Мы сразу обращаем внимание на переход к новому уровню иконографического описания-повествования, к новому измерению изобразительности, связанному с человеческим существованием и существованием активным, деятельным, касающимся, вполне понятно, и зрителя, посетителя храма и участника всего того, что в нем совершается.
И как святые выстраивали историю Церкви, земную историю Града Божия[272], так и их образы в порталах и окнах готических соборов напоминали о едином и всеобъемлющем образе Церкви, о ее иконе, которой являлся собственно собор.
Так что мы возвращаемся из пространства сна, грезы, восполнявшей конкретную реальность Евангелия, к миру, который есть, собственно говоря, само Евангелие в действии, в историческом, то есть временн?м, воздействии на человека. Плоды этого влияния, присутствия Слова в человеческой жизни – жития святых, в свою очередь, присутствующих после своей земной кончины в жизни верующего, носящего, например, имя своего святого покровителя или почитающего место, связанное с его именем, или поклоняющегося его реликвиям, пребывающим в том или ином храме[273]. Иначе говоря, зеркало истории, отразившееся в той же Legenda aurea, отражает, в свою очередь, саму человеческую жизнь, и наши разговоры (вслед за Малем) об иконографии не могут не касаться такого момента, как эффект воздействия на зрителя, пребывающего внутри церковной истории, истории святых, хотя бы потому, что он – внутри храма, он и его посетитель, и участник. Он – часть храма. И то, что он имеет возможность в нем созерцать, а также и слушать, и даже касаться руками, – все это касается его непосредственно, вещественно-осязаемо, это часть его жизни, одно из измерений его существования. Поэтому мы вправе надеяться на возвращение – после временного апокрифического забвения – сугубо архитектурной символики в наше повествование, следующее маршрутом, проложенным Малем.
Итак, образы святых – сначала образы вербальные, затем и визуальные – это самые естественные, прямые и действенные объекты внимания средневекового «пользователя», зрителя и слушателя в одном лице. Это сфера непосредственного и активного контакта и на уровне чувств, и на уровне мыслей, и то, что происходит в этой области, обладает особым жизненным, религиозным смыслом, который мы постараемся извлечь и уяснить, вновь приглядываясь и прислушиваясь к той проповеди, что составил и воспроизвел французский иконограф и церковный деятель.
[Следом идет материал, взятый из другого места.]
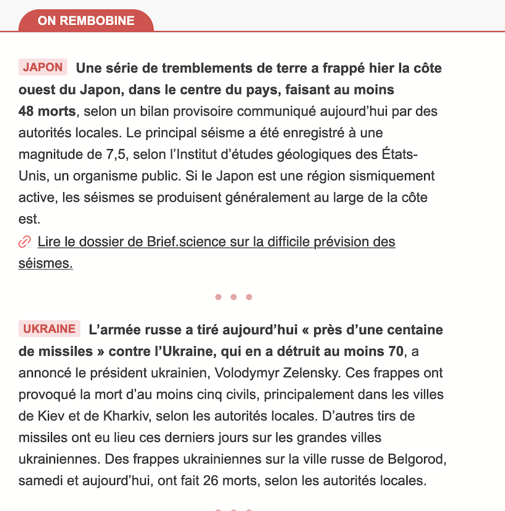Ce document présente deux brèves d’actualité sur des événements récents au Japon et en Ukraine, dans un format synthétique.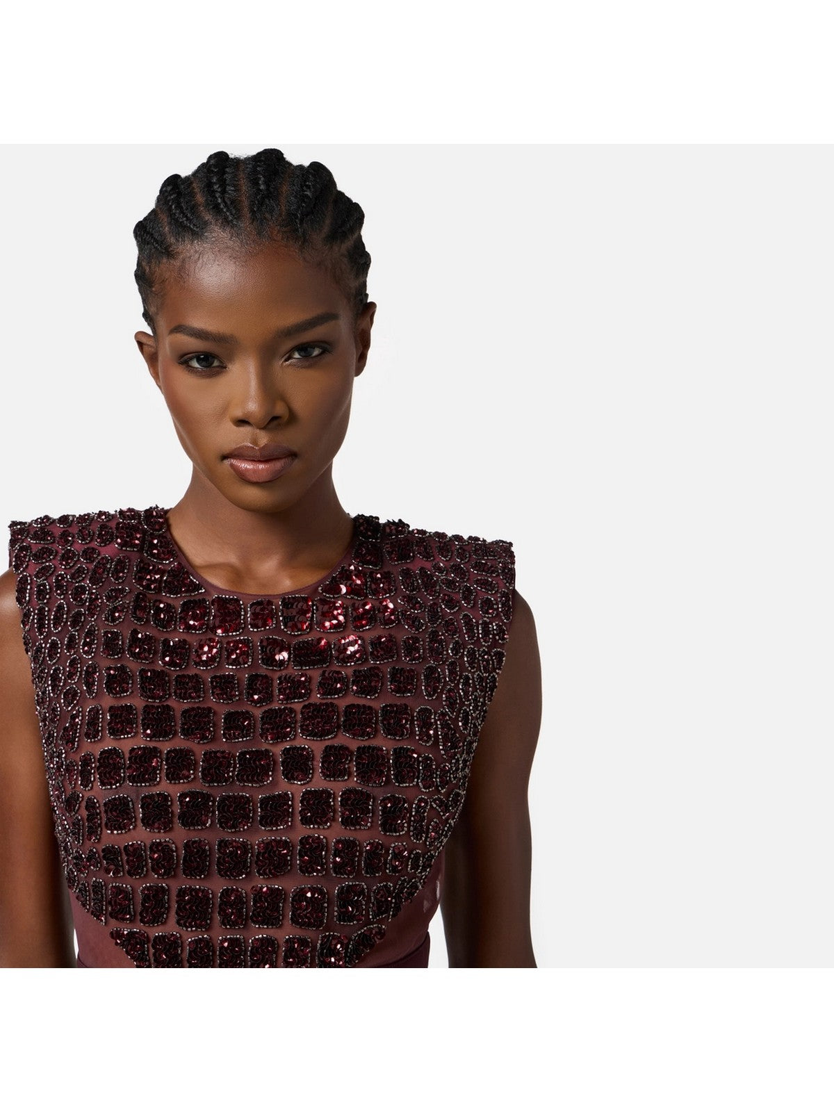 Abito midi ELISABETTA FRANCHI in crêpe leggero, top impreziosito da brillanti ricami con disegno cocco.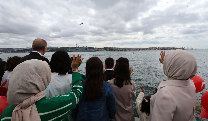 TCG Anadolu demir aldı! Başkan Erdoğan'ı selamladı! Boğaz'da tarihi anlar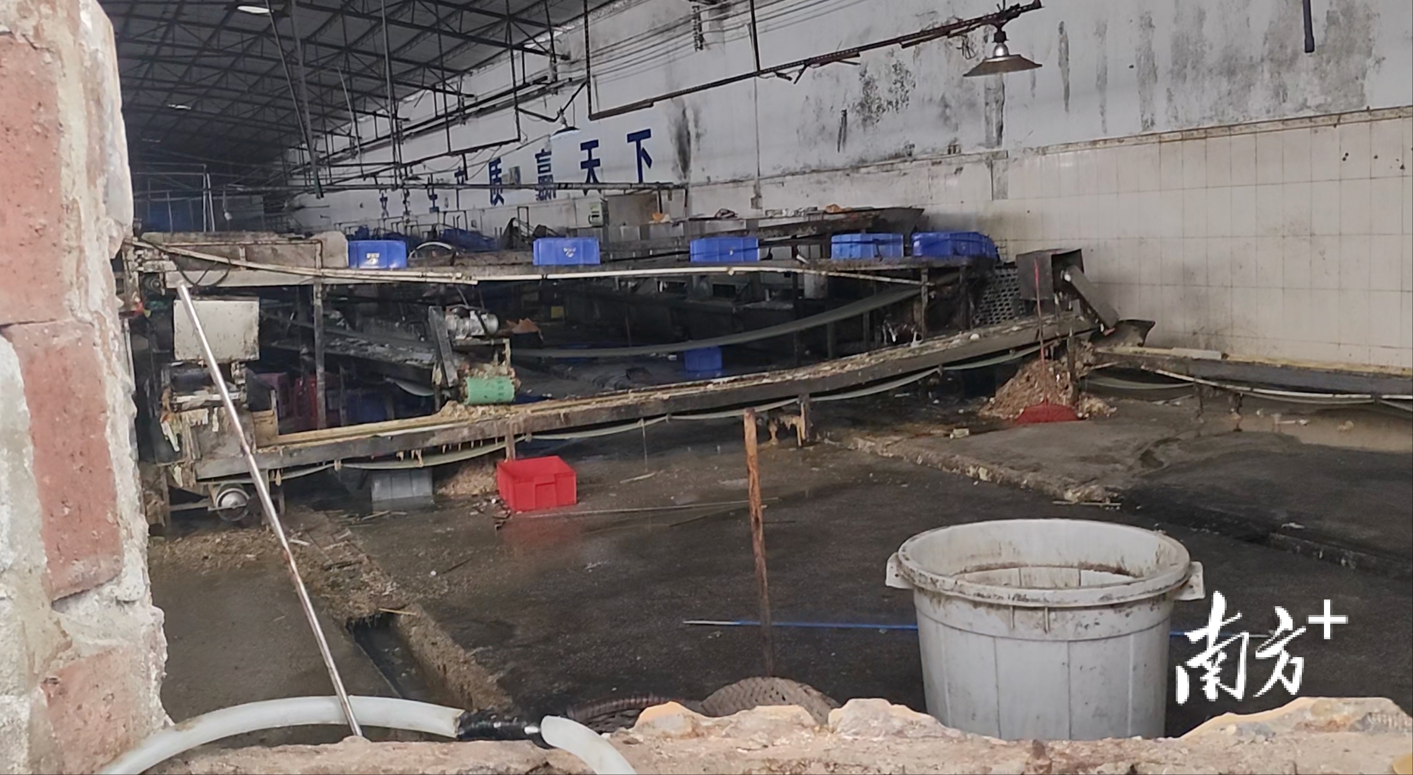 来到厂区门口,记者看到随意摆放的垃圾桶糊满黑色污垢,紧邻车间的地面污水横流,臭味刺鼻。

Выбирая, по своему обыкновению, ведущий источник – в данном случае «Золотую легенду» Иакова Воррагинского, – Маль подчеркивает то обстоятельство, что это сочинение – все тот же компендиум, отражение и фокусировка продолжительной и обширной агиографической традиции. И потому-то в этом труде одного человека отразилась «вся полнота христианства», и части «Легенды» «читались публике в церквях и иллюстрировались в окнах». Это очень емкая и практически символическая фраза, вобравшая в себя и иконографический метод Маля, и сакрально-жизненный опыт посетителя собора.
Все дело в том, что чтение текста в церковном пространстве и образное воспроизведение его на плоскостях, на границах этого пространства – это вся та структура отношений между архитектурной и фигуративной образностью, что характерна для готического собора в частности и для литургического пространства вообще.
Итак, архитектура предназначена для чтения вслух, это пространство речи. Те же окна, украшенные витражами, а также проемы-порталы, снабженные скульптурой, – это область зрения, наглядная (а значит, доступная) фиксация, «остановка» речи, пространство языка, то есть правил, парадигм. Кроме того, изображения, помещенные на поверхностях собора, обозначают и переход, границу между пространством трехмерным и двухмерным. При этом граница задается актом архитектурного «самоограничения»: окно, проем – это отсутствие архитектурной пластики и, значит, проникновение внешнего пространства, которое почти буквально «заполняет паузу», возникающую в тот момент, когда умолкает архитектура[274]. Существенно, что эти границы прозрачны не только для внешнего пространства, но и для, так сказать, внешней пластики, для тела и его производного – зрения. Изображения витражей пропускают взгляд сквозь себя, тогда как скульптура порталов уступает место человеческой телесности, расступаясь, занимая место по краям, тоже, фактически, по границам.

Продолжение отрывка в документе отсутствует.